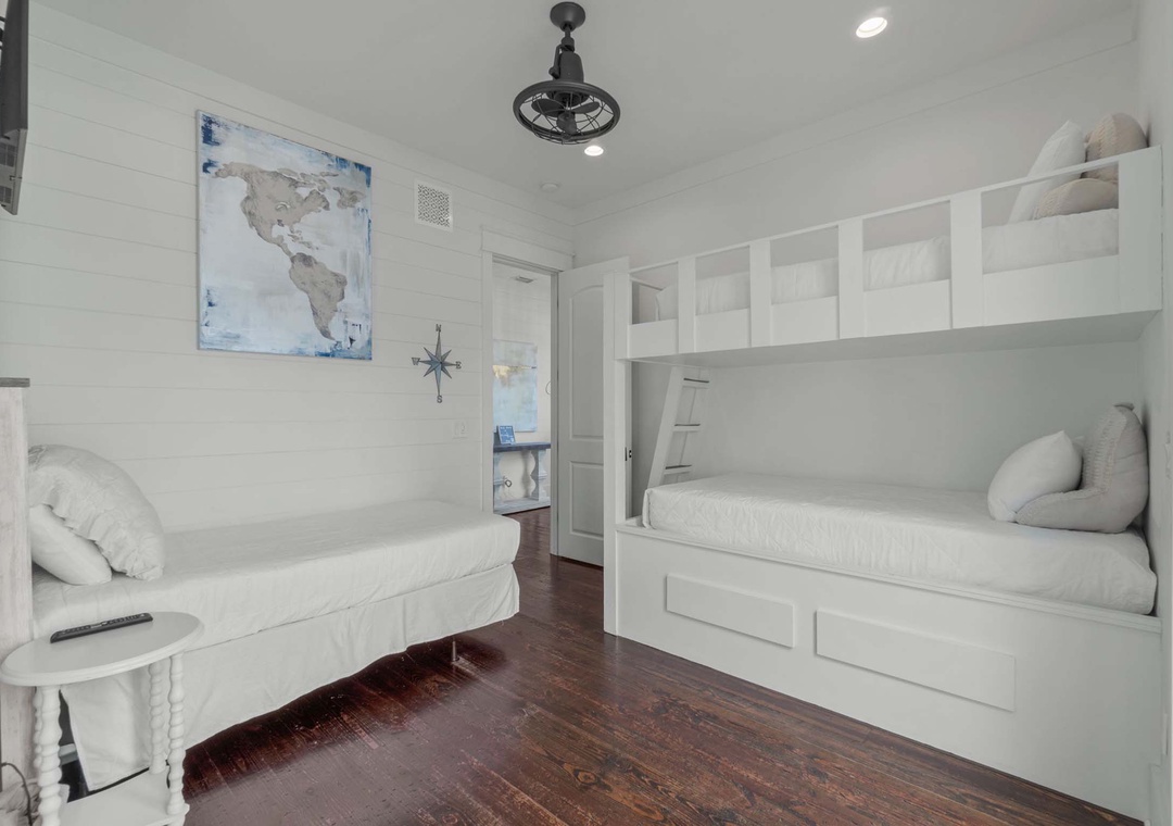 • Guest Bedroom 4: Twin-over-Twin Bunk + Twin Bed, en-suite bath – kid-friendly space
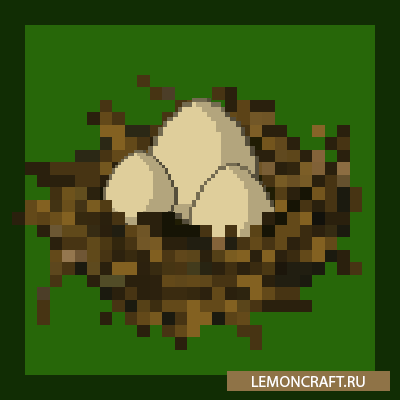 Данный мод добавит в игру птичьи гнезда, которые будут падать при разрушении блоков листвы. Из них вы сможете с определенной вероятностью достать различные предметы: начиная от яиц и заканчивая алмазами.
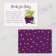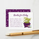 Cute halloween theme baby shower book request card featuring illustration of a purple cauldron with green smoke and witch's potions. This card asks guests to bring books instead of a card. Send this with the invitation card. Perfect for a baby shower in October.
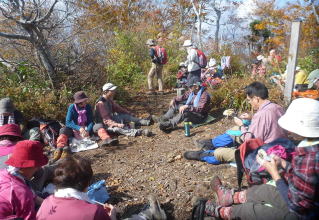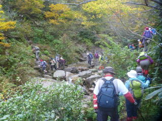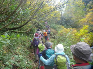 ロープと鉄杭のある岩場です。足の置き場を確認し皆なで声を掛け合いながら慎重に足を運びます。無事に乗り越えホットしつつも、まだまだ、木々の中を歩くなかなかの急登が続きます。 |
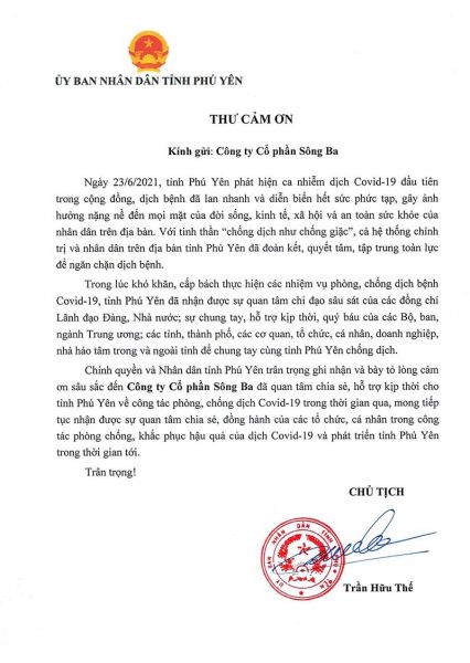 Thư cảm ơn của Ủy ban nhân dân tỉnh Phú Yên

━━━━━━━━━━

• [WHAT THIS TASK INVOLVES] Output, exactly and only, the lines beginning with the one that contains "Данный мод добавит" and ending at the last line of the records above. Drop the pictures.

• [SOLVED PROBLEM]
 Данный мод добавит в игру птичьи гнезда, которые будут падать при разрушении блоков листвы. Из них вы сможете с определенной вероятностью достать различные предметы: начиная от яиц и заканчивая алмазами.
 Cute halloween theme baby shower book request card featuring illustration of a purple cauldron with green smoke and witch's potions. This card asks guests to bring books instead of a card. Send this with the invitation card. Perfect for a baby shower in October.
 ロープと鉄杭のある岩場です。足の置き場を確認し皆なで声を掛け合いながら慎重に足を運びます。無事に乗り越えホットしつつも、まだまだ、木々の中を歩くなかなかの急登が続きます。 |
 Thư cảm ơn của Ủy ban nhân dân tỉnh Phú Yên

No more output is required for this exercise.